Cordova is arguably the largest salmon processing hub in Prince William Sound. For an idea of scale it has about 2000 people who live in the town year-round, but that number probably doubles in the summer. A large number of that influx of people are fishermen and service workers, but there are hundreds of people that work at the two major processing plants and the two smaller ones.


Beyond Cordova there are fish processors in other Prince William Sound towns like Valdez and Whittier, and even more all over Southeast, Southcentral, and Western Alaska in the summer. Most fish that leave the water need to be processed quickly and locally. Some serve commercial fishermen exclusively, some process fish independently for tourists and locals, and some do a mix.



Fisherman vs Processor


While fisherman and processor are both common jobs in the seafood industry, fisherman is usually a more desirable position and more difficult to get. On good seasons the "crew share" on a boat can be a significant amount of money and they get to be outdoors and, in my opinion, doing a more interesting job.
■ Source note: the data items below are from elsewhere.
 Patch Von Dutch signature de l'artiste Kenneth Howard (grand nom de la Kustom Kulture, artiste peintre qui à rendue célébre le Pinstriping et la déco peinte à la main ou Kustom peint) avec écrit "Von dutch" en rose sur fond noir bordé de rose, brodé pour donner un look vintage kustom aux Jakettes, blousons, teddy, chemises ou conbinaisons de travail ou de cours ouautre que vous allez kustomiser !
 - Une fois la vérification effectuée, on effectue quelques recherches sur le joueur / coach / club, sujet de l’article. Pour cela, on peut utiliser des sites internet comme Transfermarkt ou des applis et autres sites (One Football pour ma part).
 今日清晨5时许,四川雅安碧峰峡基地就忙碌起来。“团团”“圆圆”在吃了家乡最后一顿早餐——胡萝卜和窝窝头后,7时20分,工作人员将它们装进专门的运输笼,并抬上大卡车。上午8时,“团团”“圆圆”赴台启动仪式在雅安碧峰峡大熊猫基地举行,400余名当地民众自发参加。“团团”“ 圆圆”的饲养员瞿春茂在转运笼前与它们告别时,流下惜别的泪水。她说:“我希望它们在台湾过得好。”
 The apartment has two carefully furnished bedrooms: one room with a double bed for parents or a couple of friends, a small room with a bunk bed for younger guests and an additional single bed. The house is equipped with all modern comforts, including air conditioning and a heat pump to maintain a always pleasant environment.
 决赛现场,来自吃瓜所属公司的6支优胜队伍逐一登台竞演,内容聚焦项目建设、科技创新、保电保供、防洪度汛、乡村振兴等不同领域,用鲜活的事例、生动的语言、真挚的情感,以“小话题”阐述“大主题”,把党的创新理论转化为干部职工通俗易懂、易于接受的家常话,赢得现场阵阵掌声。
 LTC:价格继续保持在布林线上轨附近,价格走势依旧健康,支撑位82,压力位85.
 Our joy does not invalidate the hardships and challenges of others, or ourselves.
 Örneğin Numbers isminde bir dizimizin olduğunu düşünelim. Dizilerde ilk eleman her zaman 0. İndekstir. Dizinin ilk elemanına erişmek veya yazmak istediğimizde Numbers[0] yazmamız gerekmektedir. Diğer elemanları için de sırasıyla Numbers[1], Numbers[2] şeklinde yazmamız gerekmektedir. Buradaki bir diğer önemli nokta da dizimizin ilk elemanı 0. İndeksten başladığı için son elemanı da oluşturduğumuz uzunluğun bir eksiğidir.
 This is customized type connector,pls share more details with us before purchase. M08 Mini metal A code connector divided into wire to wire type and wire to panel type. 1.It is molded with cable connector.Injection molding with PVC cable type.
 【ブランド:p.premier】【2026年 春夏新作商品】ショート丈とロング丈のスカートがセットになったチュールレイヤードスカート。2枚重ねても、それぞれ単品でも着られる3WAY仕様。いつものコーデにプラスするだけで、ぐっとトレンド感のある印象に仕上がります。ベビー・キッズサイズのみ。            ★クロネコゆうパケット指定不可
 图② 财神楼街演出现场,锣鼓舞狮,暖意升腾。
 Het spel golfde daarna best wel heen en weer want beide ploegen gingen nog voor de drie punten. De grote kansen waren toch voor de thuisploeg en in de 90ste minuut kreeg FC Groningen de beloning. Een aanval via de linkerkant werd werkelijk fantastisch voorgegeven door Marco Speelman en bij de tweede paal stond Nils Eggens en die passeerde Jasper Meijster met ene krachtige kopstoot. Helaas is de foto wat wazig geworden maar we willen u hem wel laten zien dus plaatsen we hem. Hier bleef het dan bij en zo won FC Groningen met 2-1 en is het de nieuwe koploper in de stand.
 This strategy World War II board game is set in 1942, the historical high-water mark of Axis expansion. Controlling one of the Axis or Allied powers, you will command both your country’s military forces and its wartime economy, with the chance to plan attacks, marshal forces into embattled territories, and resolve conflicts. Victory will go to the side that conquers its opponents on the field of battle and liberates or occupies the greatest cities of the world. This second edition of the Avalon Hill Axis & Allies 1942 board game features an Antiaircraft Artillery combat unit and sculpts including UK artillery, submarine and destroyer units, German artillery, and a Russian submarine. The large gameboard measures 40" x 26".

That said, processing has some real benefits. It's not as dangerous as fishing. If you want to ultimately become a fisherman it's a great way to get your foot in the door in the seafood industry and you can network with locals over the course of a summer season to land a job as a deckhand. The pay is steadier (although still dependent on fish coming into the plant) and it can be the start of a full-time career in an office if that's your end goal.

And if you have experience in sales and logistics it could be a great way to land a dream summer job in an Alaskan town where you don't have to handle fish all day.


Conclusion


Alaska seafood is a growing industry. Wild seafood is healthy and delicious, and is riding the wave of a lot of popular trends in food such as health and sustainability. Marketing the product is easy - it markets itself.


If you want to try your hand at working in Alaska, or you already work here and want to try something new, consider working for a salmon processor this summer!